Monday 22 September 2008

"The Robber Artist" by Suzette Hartwell

Driven by greed an ancient Egyptian robber stealthily entered a dark tomb one night, all the while fearful of the King's ba flying out of the coffin to confront him with his awful deed. Having made it inside undetected he relaxed momentarily, until the flaming stick he held highlighted the King’s stern face painted onto the wall, his one all-seeing eye staring back, watching him.

The flickering flame served only to enhance the other uncompromising images of the gods on the wall. Although he had painted these very images during the day as a tomb artist and thought them quite serene, by night and in the deathly silence they appeared to be sinister. In his fright, he tripped over a golden casket and called upon favoured god for help, not sensing the irony in his request.

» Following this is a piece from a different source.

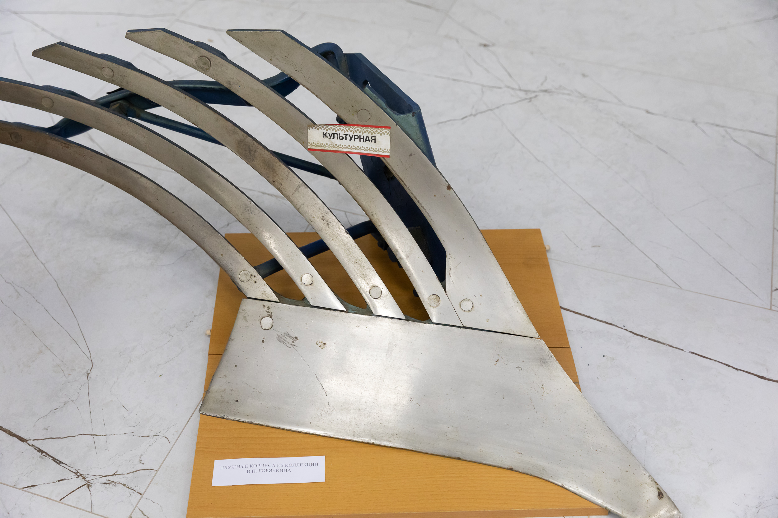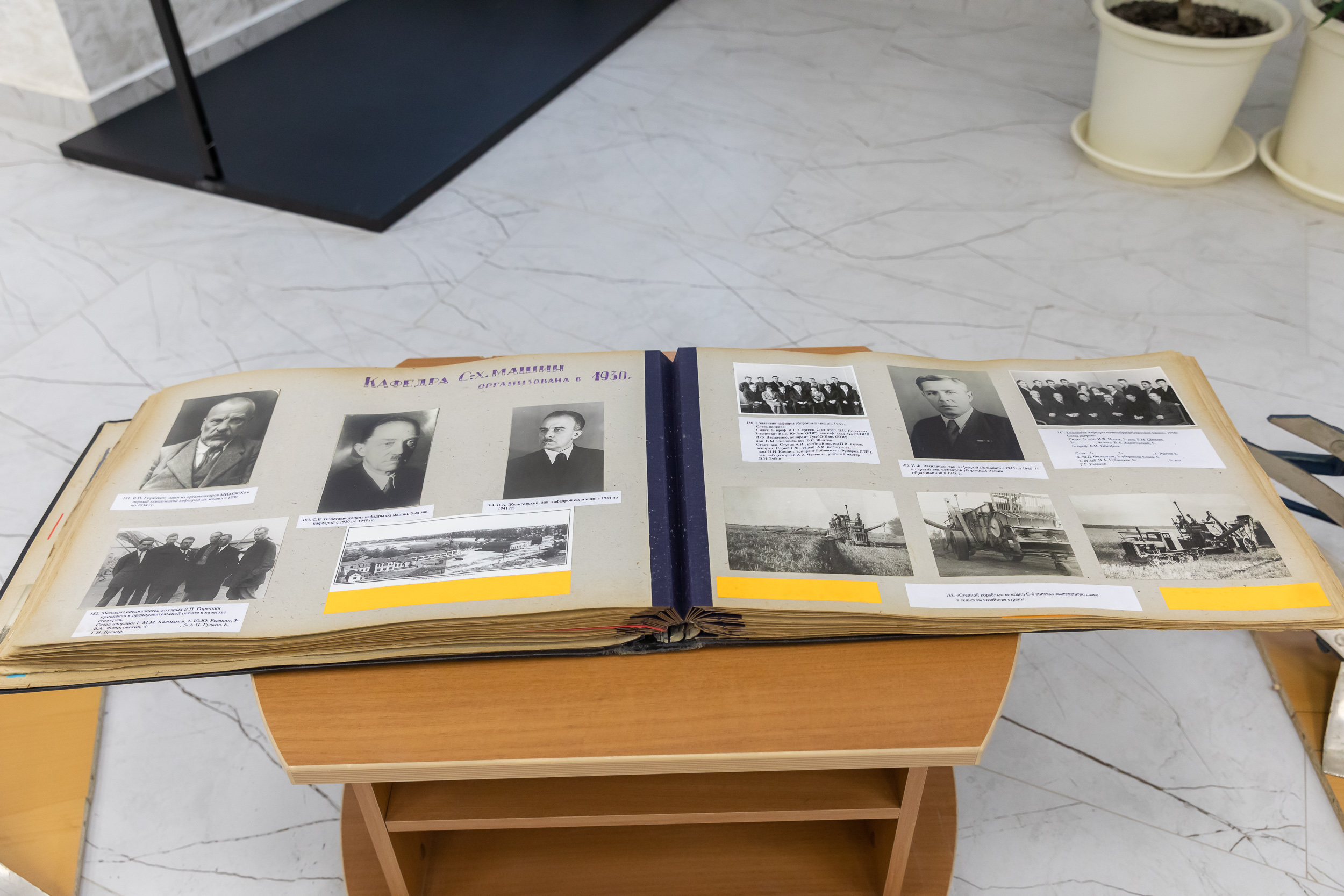 26 Январь / 2022Экспозицию почетным гостям представил заведующий кафедрой сельскохозяйственных машин Николай Васильевич Алдошин. Среди уникальных экспонатов выставки – раритетные фото и издания, чертежи, приборы и даже плужные корпуса из коллекции кафедры.

Unaware the heartbeat he could hear was his own, panic now overtook him. How different it had been a few hours earlier when he had drank several bowls of his porridge-like beer, his confidence swelling along with his belly.

Despite the fear, the lure of golden rewards and unfathomable wealth urged him closer to the body where a golden inlaid pectoral lay within a hands grasp. He lunged toward the mummy, intending to at least take the pectoral as his own. As he seized this precious ornament a loud groan emitted from the walls and filled the chamber.

He was sure now that the King was alive in the room and out for vengeance. The groaning ceiling collapsed in seconds above him, pressing his screaming face into whom he had served in life and cheated in death.

Here he remained for centuries, a mute witness to the truth.



© Suzette Hartwell 2008. Reproduced by kind permission.